We foresee several potential directions in which to continue this project. Our primary goal for future research is to validate the results obtained from the three completed surveys. This can be accomplished in several ways. Because we wish to measure individual health status accurately over time, the use of longitudinal data would be ideal. One data source is a citizen science project initiated by the National Institutes of Health, the All of Us [31] research program. Another source is the UK Biobank initiated in the United Kingdom [32], but the most ideal source would be well-documented longitudinal data of a group of individuals that include not only their EHR data but also other data that correlate with our health indicators. Such ideal data sources would allow for examining the corresponding health indicators and validation of the importance of health indicators via EHR records and additional health-related data. In this way, public perspectives will be considered along with more concrete quantitative evidence to ensure more confidence in prioritizing health indicators and using them for various purposes.

Additionally, to mitigate the effect of the current imbalances seen in respondents regarding gender, race and ethnicity, and other factors, we could explore the possibility of stratified random sampling to proactively select more representative participants.
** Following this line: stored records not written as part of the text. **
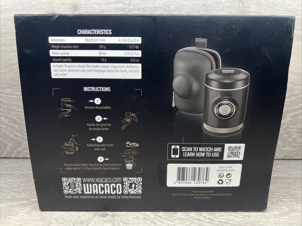 The WACACO Picopresso Portable Espresso Maker is a compact and portable espresso machine that allows you to make delicious espresso on-the-go. With a water tank capacity of 0.084 Qt and a grind coffee feature using a burr grinder, you can enjoy high-quality espresso made with ground coffee. This manual espresso maker, powered by a 18 bar pressure system, comes in a sleek black color and includes an analog control panel for easy operation. Perfect for coffee lovers looking for a convenient and easy way to enjoy their favorite espresso drinks wherever they are.
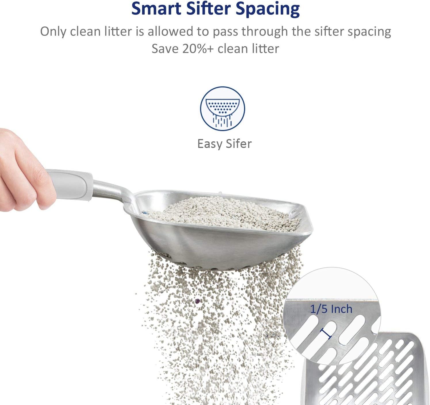 - [Features]: Deep Shovel Sifter was carefully developed by cat owners, WePet made this scooper with heavy duty quality, it’s durable, aluminum alloy body. The body is waterproof and very easy to clean, rust-resistant and corrosion resistant. It’s highly recommended by cat lovers for everyday use.
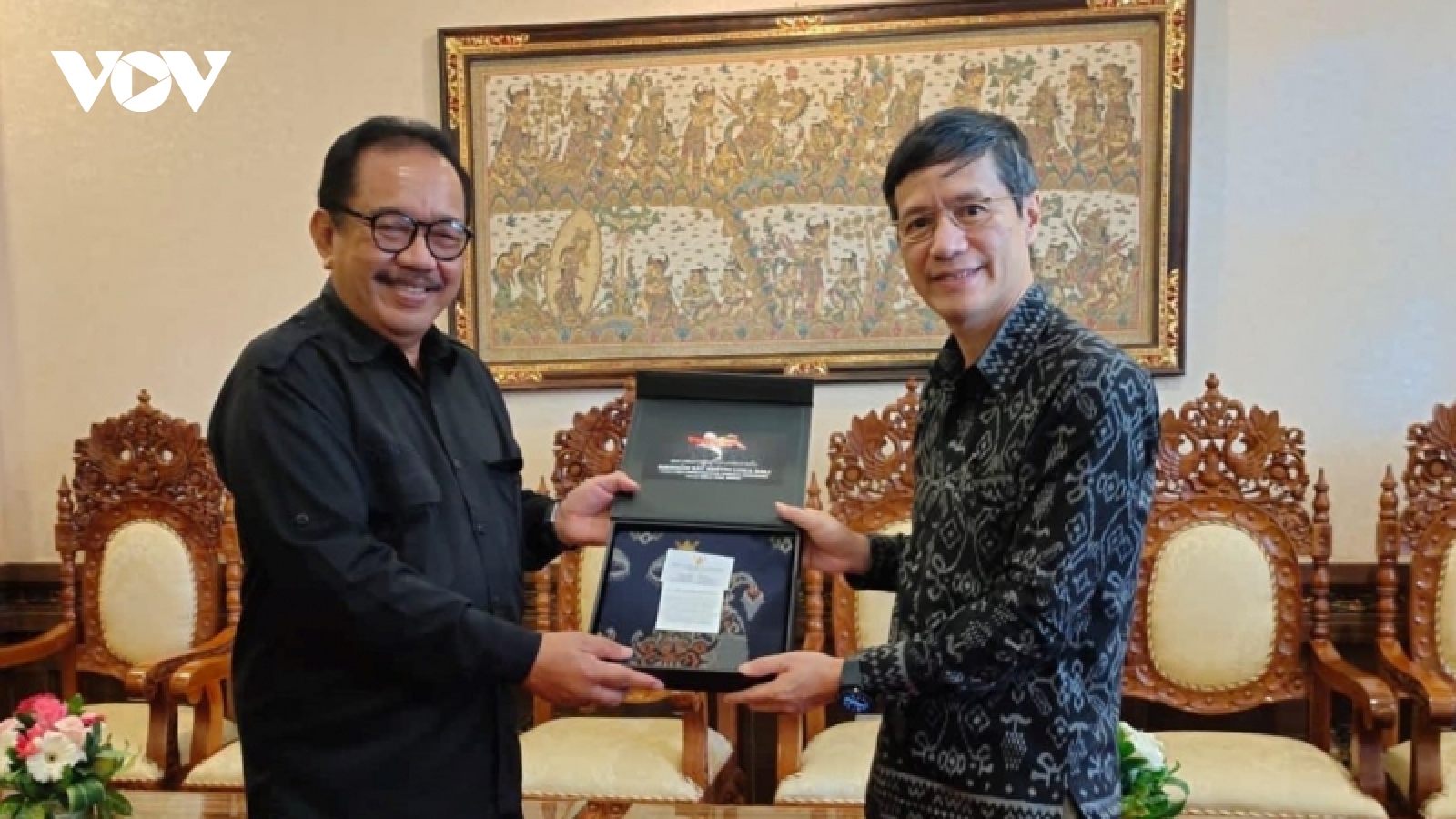VOV.VN - Đại sứ Đặc mệnh toàn quyền Việt Nam tại Indonesia, Phạm Vinh Quang đã thăm và làm việc tại tỉnh Bali của Indonesia để trao đổi kinh nghiệm sống chung với đại dịch, chia sẻ kinh nghiệm mở cửa nền kinh tế, du lịch; góp phần tăng cường quan hệ Việt Nam - Indonesia.
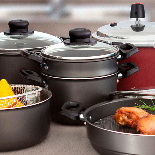 La olla vaporera Funcional está compuesta con aluminio de 99 7 de pureza revestimiento interno con 7 capas antiadherentes y baquelita antitérmica de 20 cm de diámetro. Cuenta con capacidad de 4 litros para cocinar alimentos al vapor.

The respondent pool can be more proportionally representative of the composition of the American population. As a potential future project, we may also explore possible correlations between demographic variables and rating results.
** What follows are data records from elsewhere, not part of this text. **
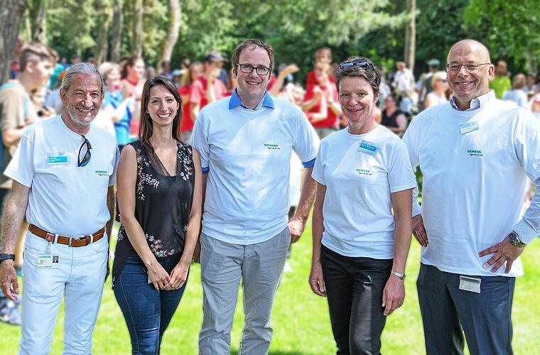 "Hier war für jedes Kind etwas dabei", sagte Manuela Knaak, eine der jungen Organisatorinnen des Siemens-Nachwuchskreises Erlangen-Mitte. Unterstützt wurde das Organisationsteam bei den Aktionen von Auszubildenden und Flüchtlingspraktikanten der Siemens AG sowie vom Arbeitskreis Gesundheit des Standorts Erlangen-Mitte. Erlangens Oberbürgermeister Florian Janik (SPD) eröffnete das Sport- und Spielefest gemeinsam mit Claus-Jürgen Wais, Personalleiter Siemens Erlangen, und der Siemens-Betriebsratsvorsitzenden Erlangen-Mitte, Sigrid Heitkamp.
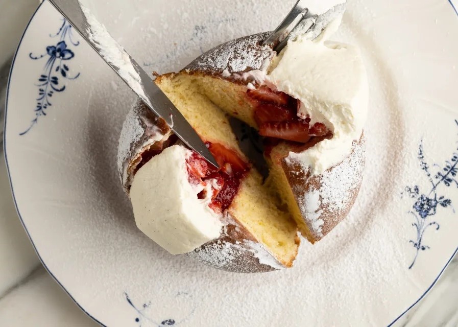 Before Shannon Swindle even got the job as pastry chef at Mother Wolf in Los Angeles, he knew maritozzi were destined for the dessert menu. The restaurant’s bouncy, football-shaped Italian brioche buns are filled with an absurd amount of cloud-like whipped cream and hide a surprise sweet-tart pocket of macerated Harry’s Berries. “It’s a bit more dessert-y than the classic” bun, which is typically eaten for breakfast in Italy, Swindle says. But it’s still “iconically Roman.”
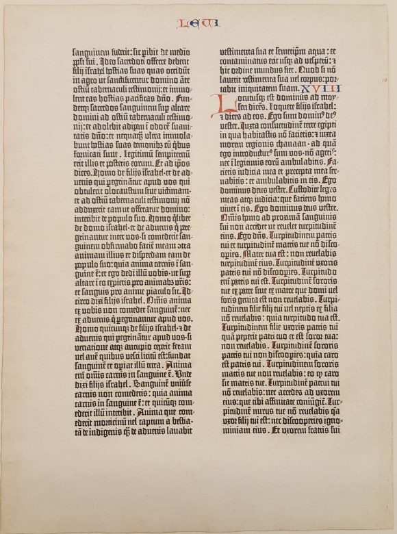 Let’s start at the very beginning – a very good place to start, as Maria Von Trapp once said. Here, in all its fifteenth-century glory, is our Gutenberg bible leaf. Carl Weeks acquired this piece from New York book dealer Gabriel Wells in the 1920s.
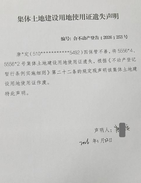 集体土地建设用地使用证遗失声明编号:合不动产登告﹝2026﹞253 号

Well-designed health indicators are critical tools needed to accurately measure individual health status. They enable the determination of effective preventive services and verify their outcomes. Obtaining the public’s perspective on specific health indicators is the first step toward prioritizing them for analytical and clinical use. This study found that the top five–rated health indicators were drug and substance abuse, smoking and tobacco use, alcohol abuse, major depression, and diet and nutrition. Our respondents, however, had heterogeneous views on the top- and bottom-rated health indicators. The middle 13 health indicators were rated more homogeneously among all the respondents. These 13 health indicators were separated into seven levels based on their perceived importance, providing further evidence that was used to prioritize these health indicators. Levels 1 to 7 were organized based on the mean importance of health indicators from high to low within and between each level. Level 1 included blood sugar level and immunization and vaccination; level 2 included LDL cholesterol; level 3 included HDL cholesterol, blood triglycerides, cancer screening detection, and total cholesterol; level 4 included health literacy rate; level 5 included personal care needs and air quality index greater than 100; level 6 included self-rated health status and HIV testing; and level 7 included the supply of dentists. The results of this study can provide evidence to EHR or PHR system designers and developers, which they can then use to select health indicators to incorporate into their systems.